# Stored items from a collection

------------

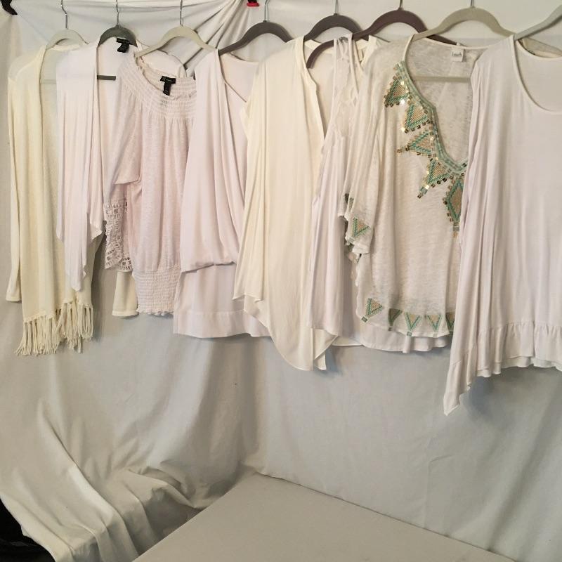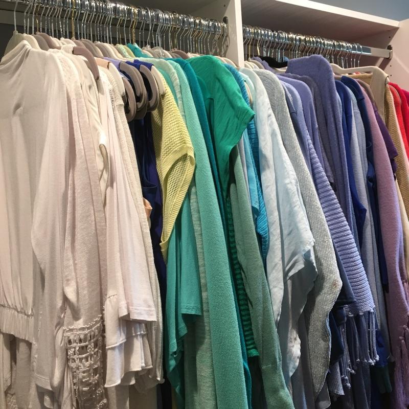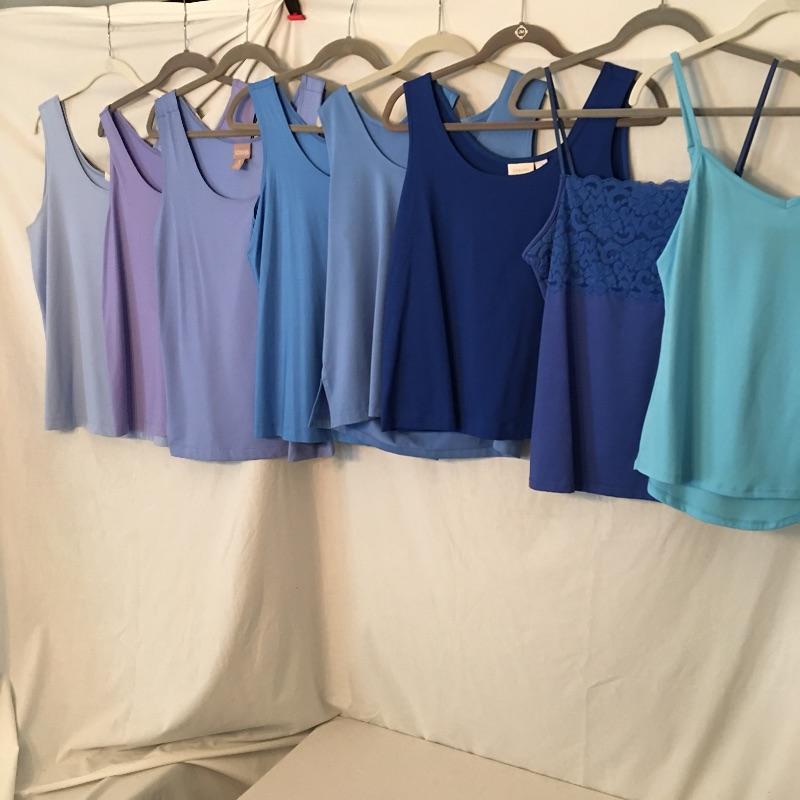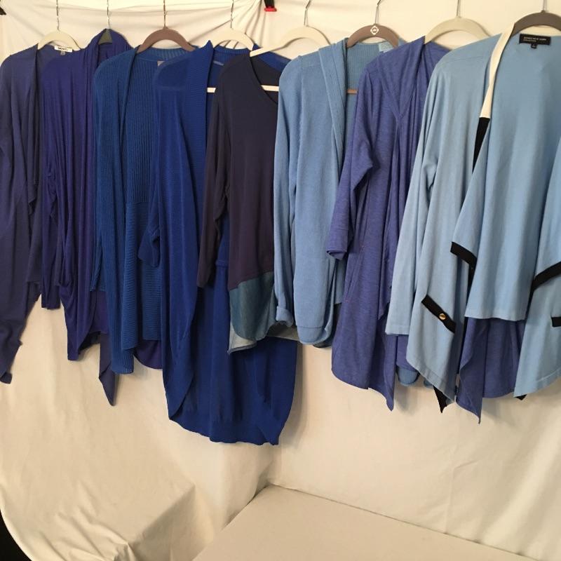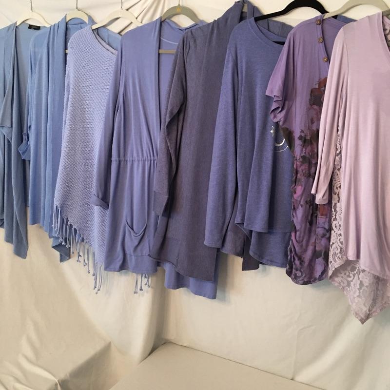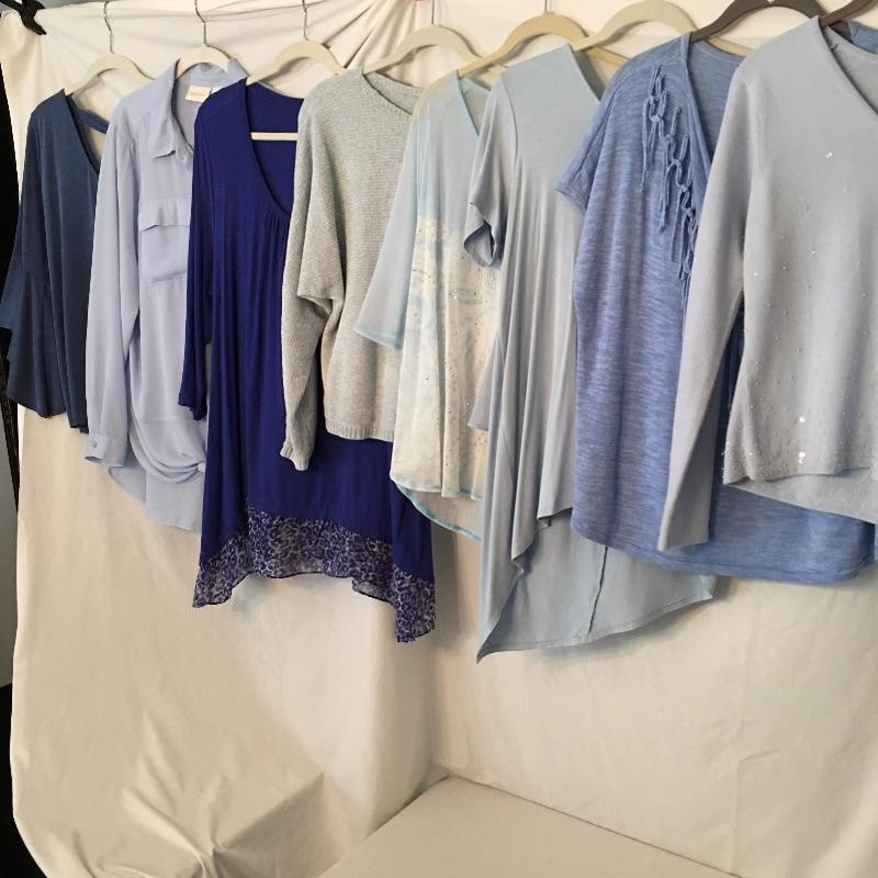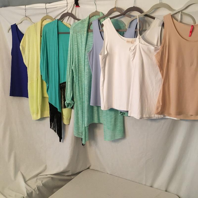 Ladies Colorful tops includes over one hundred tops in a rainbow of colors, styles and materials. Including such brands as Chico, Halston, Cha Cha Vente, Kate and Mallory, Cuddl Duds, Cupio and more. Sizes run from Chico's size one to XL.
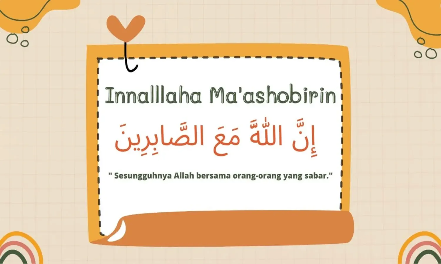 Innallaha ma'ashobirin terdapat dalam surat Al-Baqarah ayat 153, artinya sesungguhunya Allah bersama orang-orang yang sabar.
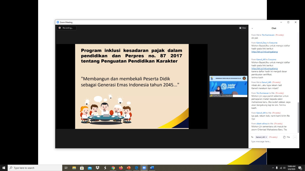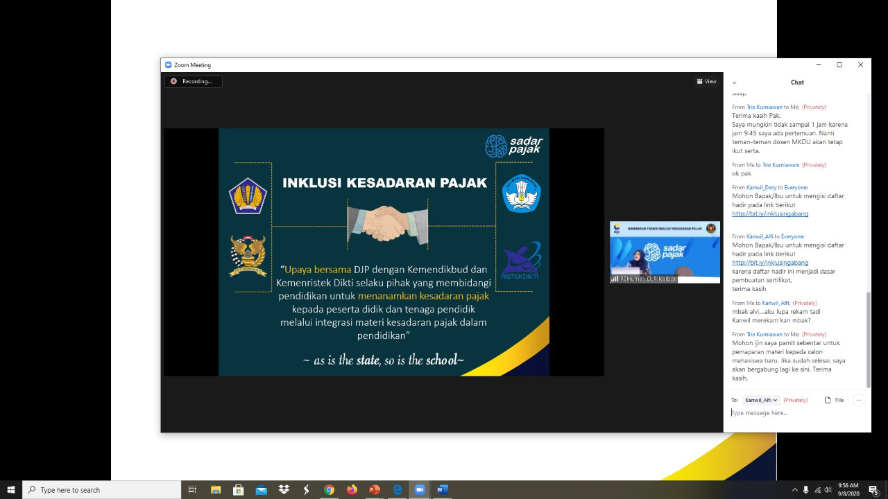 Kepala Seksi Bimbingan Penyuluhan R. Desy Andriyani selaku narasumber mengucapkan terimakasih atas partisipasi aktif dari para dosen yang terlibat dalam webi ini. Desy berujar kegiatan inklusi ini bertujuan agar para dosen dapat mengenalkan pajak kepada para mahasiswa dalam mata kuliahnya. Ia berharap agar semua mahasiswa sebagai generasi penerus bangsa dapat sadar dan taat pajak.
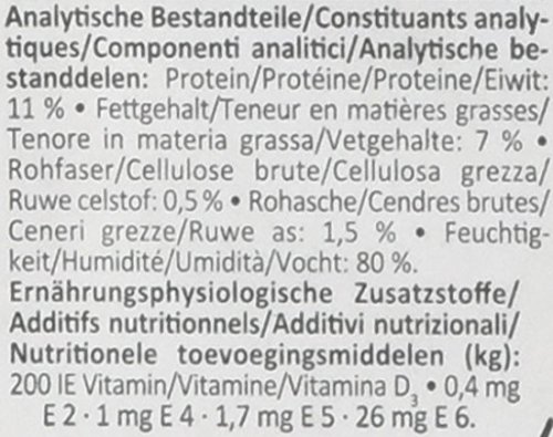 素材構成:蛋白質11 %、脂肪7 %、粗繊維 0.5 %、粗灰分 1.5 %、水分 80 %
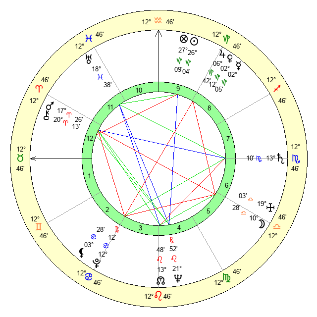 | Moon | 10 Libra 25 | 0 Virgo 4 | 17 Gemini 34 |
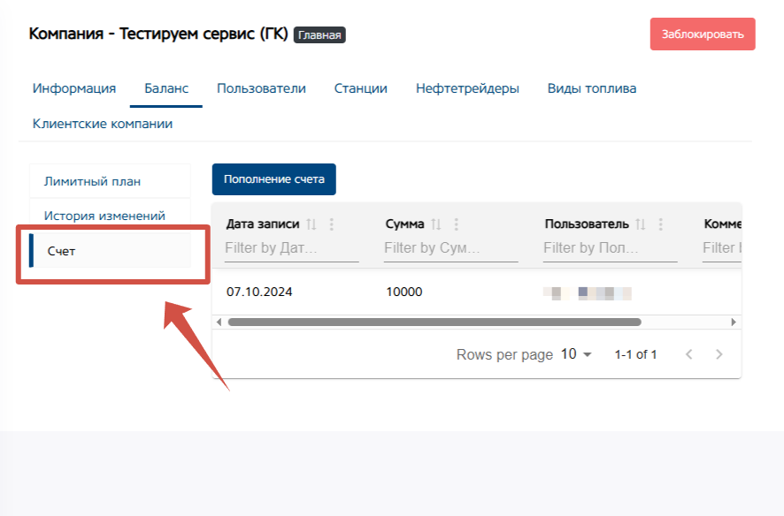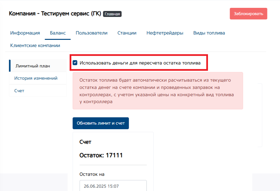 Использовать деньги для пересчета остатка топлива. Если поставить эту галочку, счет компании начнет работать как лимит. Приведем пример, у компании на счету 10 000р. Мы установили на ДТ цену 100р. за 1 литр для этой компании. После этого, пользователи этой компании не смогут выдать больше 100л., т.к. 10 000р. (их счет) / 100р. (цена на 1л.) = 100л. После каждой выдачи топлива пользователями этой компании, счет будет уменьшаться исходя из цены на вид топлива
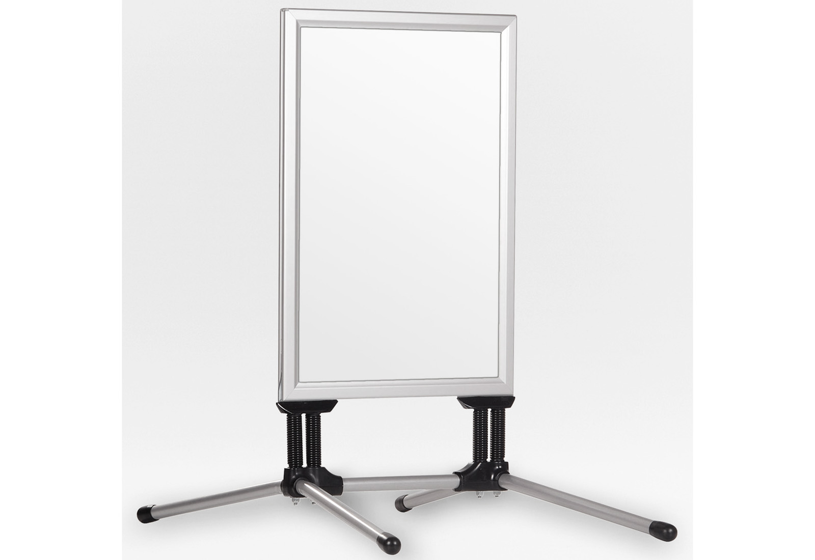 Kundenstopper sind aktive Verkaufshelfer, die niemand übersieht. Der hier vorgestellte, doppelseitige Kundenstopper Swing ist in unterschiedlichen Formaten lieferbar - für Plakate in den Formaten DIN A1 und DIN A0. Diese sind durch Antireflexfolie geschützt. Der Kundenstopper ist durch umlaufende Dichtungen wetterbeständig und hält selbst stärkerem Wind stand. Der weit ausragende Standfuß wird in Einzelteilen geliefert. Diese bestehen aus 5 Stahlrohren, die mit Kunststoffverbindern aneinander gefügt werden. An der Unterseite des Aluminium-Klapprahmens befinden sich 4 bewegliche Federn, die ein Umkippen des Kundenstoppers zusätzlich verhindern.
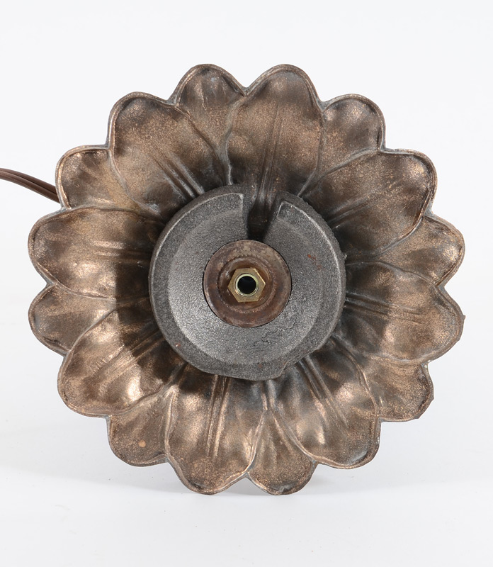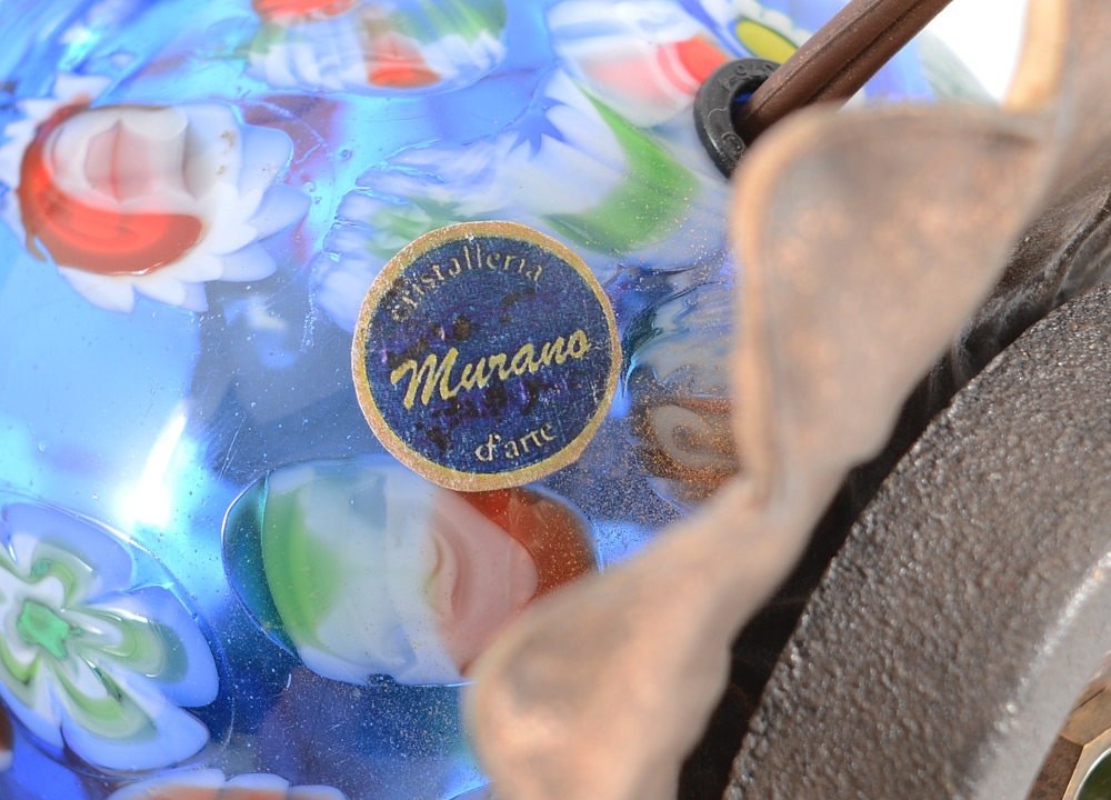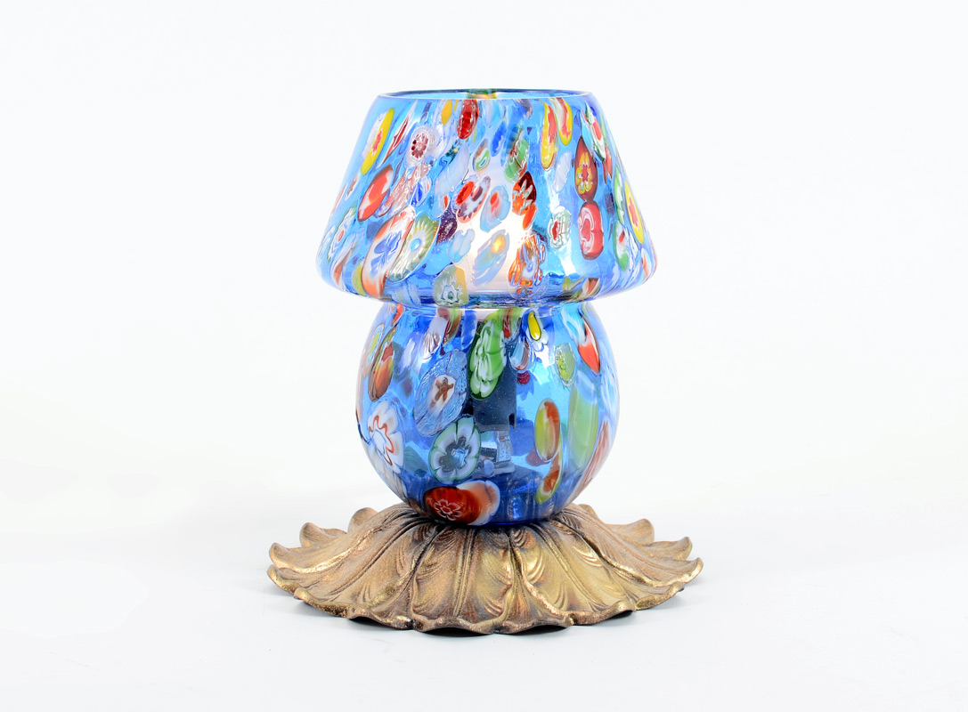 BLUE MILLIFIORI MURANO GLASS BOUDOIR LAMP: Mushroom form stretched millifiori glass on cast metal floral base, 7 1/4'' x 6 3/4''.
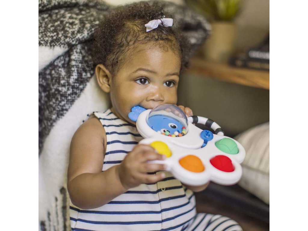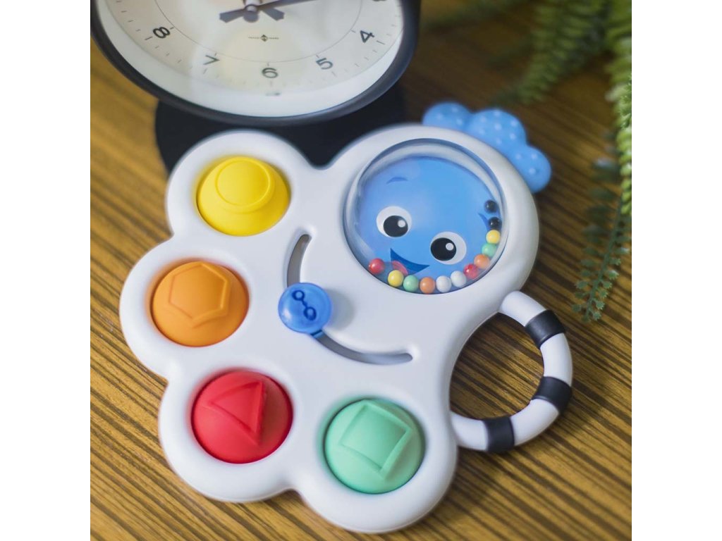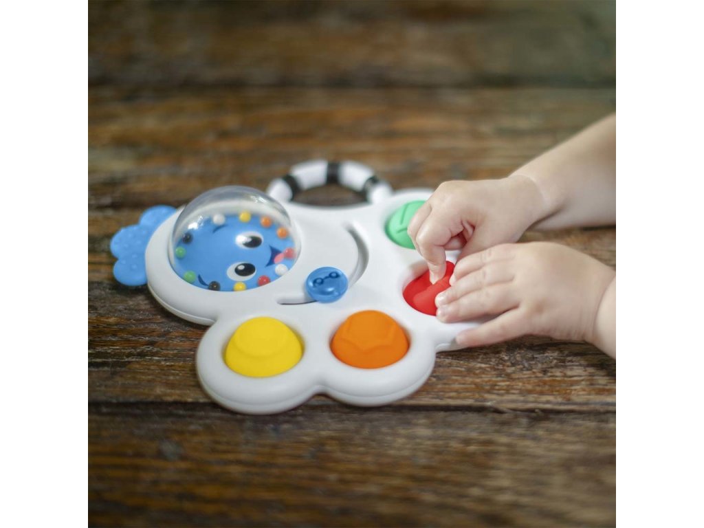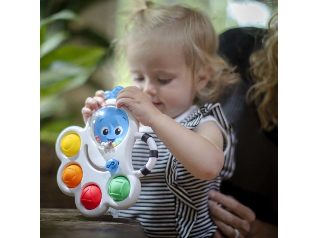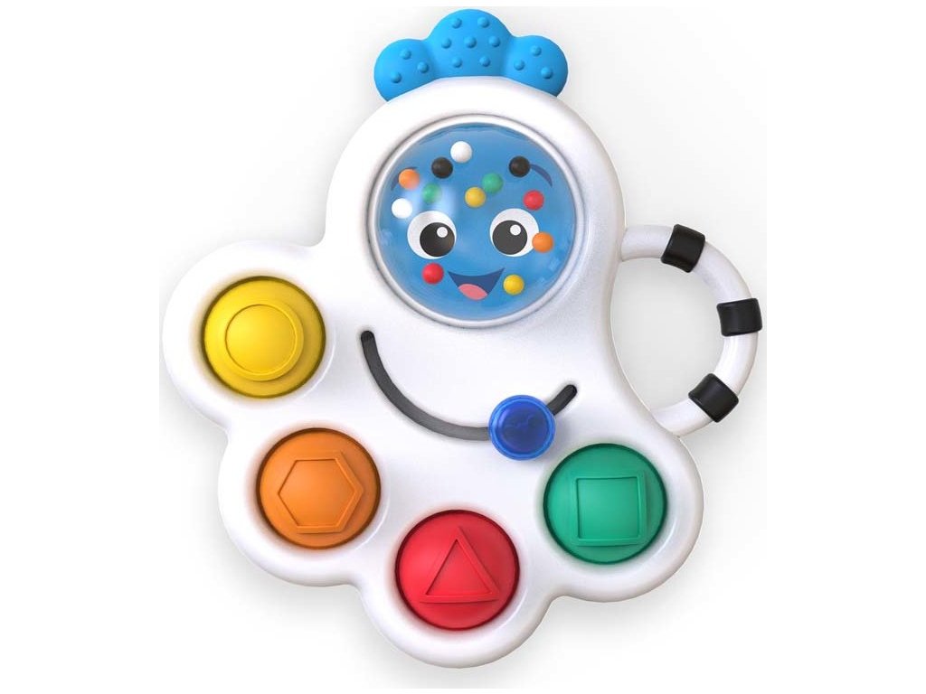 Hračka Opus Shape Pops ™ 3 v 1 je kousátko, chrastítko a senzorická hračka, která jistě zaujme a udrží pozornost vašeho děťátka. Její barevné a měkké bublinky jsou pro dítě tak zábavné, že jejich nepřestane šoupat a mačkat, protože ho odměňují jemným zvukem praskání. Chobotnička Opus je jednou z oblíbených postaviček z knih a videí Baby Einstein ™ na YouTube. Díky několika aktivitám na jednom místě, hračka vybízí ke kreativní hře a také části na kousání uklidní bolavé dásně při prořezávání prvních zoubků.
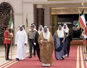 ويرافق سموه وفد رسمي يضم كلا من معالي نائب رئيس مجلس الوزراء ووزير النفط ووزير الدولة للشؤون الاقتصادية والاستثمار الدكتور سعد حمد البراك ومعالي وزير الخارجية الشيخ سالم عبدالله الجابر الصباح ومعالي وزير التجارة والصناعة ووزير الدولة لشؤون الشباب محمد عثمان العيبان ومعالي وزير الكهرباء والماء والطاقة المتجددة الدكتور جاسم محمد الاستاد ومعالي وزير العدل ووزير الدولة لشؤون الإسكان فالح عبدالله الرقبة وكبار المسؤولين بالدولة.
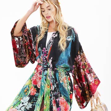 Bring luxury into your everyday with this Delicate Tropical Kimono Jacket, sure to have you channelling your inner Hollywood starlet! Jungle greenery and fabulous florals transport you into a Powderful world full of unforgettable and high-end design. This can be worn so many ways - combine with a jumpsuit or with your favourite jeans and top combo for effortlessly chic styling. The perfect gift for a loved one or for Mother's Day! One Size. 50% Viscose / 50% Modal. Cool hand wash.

------------

# Your assignment
Quote all the lines above exactly as given. Do not include the pictures.

# Answer
 Ladies Colorful tops includes over one hundred tops in a rainbow of colors, styles and materials. Including such brands as Chico, Halston, Cha Cha Vente, Kate and Mallory, Cuddl Duds, Cupio and more. Sizes run from Chico's size one to XL.
 Innallaha ma'ashobirin terdapat dalam surat Al-Baqarah ayat 153, artinya sesungguhunya Allah bersama orang-orang yang sabar.
 Kepala Seksi Bimbingan Penyuluhan R. Desy Andriyani selaku narasumber mengucapkan terimakasih atas partisipasi aktif dari para dosen yang terlibat dalam webi ini. Desy berujar kegiatan inklusi ini bertujuan agar para dosen dapat mengenalkan pajak kepada para mahasiswa dalam mata kuliahnya. Ia berharap agar semua mahasiswa sebagai generasi penerus bangsa dapat sadar dan taat pajak.
 素材構成:蛋白質11 %、脂肪7 %、粗繊維 0.5 %、粗灰分 1.5 %、水分 80 %
 | Moon | 10 Libra 25 | 0 Virgo 4 | 17 Gemini 34 |
 Использовать деньги для пересчета остатка топлива. Если поставить эту галочку, счет компании начнет работать как лимит. Приведем пример, у компании на счету 10 000р. Мы установили на ДТ цену 100р. за 1 литр для этой компании. После этого, пользователи этой компании не смогут выдать больше 100л., т.к. 10 000р. (их счет) / 100р. (цена на 1л.) = 100л. После каждой выдачи топлива пользователями этой компании, счет будет уменьшаться исходя из цены на вид топлива
 Kundenstopper sind aktive Verkaufshelfer, die niemand übersieht. Der hier vorgestellte, doppelseitige Kundenstopper Swing ist in unterschiedlichen Formaten lieferbar - für Plakate in den Formaten DIN A1 und DIN A0. Diese sind durch Antireflexfolie geschützt. Der Kundenstopper ist durch umlaufende Dichtungen wetterbeständig und hält selbst stärkerem Wind stand. Der weit ausragende Standfuß wird in Einzelteilen geliefert. Diese bestehen aus 5 Stahlrohren, die mit Kunststoffverbindern aneinander gefügt werden. An der Unterseite des Aluminium-Klapprahmens befinden sich 4 bewegliche Federn, die ein Umkippen des Kundenstoppers zusätzlich verhindern.
 BLUE MILLIFIORI MURANO GLASS BOUDOIR LAMP: Mushroom form stretched millifiori glass on cast metal floral base, 7 1/4'' x 6 3/4''.
 Hračka Opus Shape Pops ™ 3 v 1 je kousátko, chrastítko a senzorická hračka, která jistě zaujme a udrží pozornost vašeho děťátka. Její barevné a měkké bublinky jsou pro dítě tak zábavné, že jejich nepřestane šoupat a mačkat, protože ho odměňují jemným zvukem praskání. Chobotnička Opus je jednou z oblíbených postaviček z knih a videí Baby Einstein ™ na YouTube. Díky několika aktivitám na jednom místě, hračka vybízí ke kreativní hře a také části na kousání uklidní bolavé dásně při prořezávání prvních zoubků.
 ويرافق سموه وفد رسمي يضم كلا من معالي نائب رئيس مجلس الوزراء ووزير النفط ووزير الدولة للشؤون الاقتصادية والاستثمار الدكتور سعد حمد البراك ومعالي وزير الخارجية الشيخ سالم عبدالله الجابر الصباح ومعالي وزير التجارة والصناعة ووزير الدولة لشؤون الشباب محمد عثمان العيبان ومعالي وزير الكهرباء والماء والطاقة المتجددة الدكتور جاسم محمد الاستاد ومعالي وزير العدل ووزير الدولة لشؤون الإسكان فالح عبدالله الرقبة وكبار المسؤولين بالدولة.
 Bring luxury into your everyday with this Delicate Tropical Kimono Jacket, sure to have you channelling your inner Hollywood starlet! Jungle greenery and fabulous florals transport you into a Powderful world full of unforgettable and high-end design. This can be worn so many ways - combine with a jumpsuit or with your favourite jeans and top combo for effortlessly chic styling. The perfect gift for a loved one or for Mother's Day! One Size. 50% Viscose / 50% Modal. Cool hand wash.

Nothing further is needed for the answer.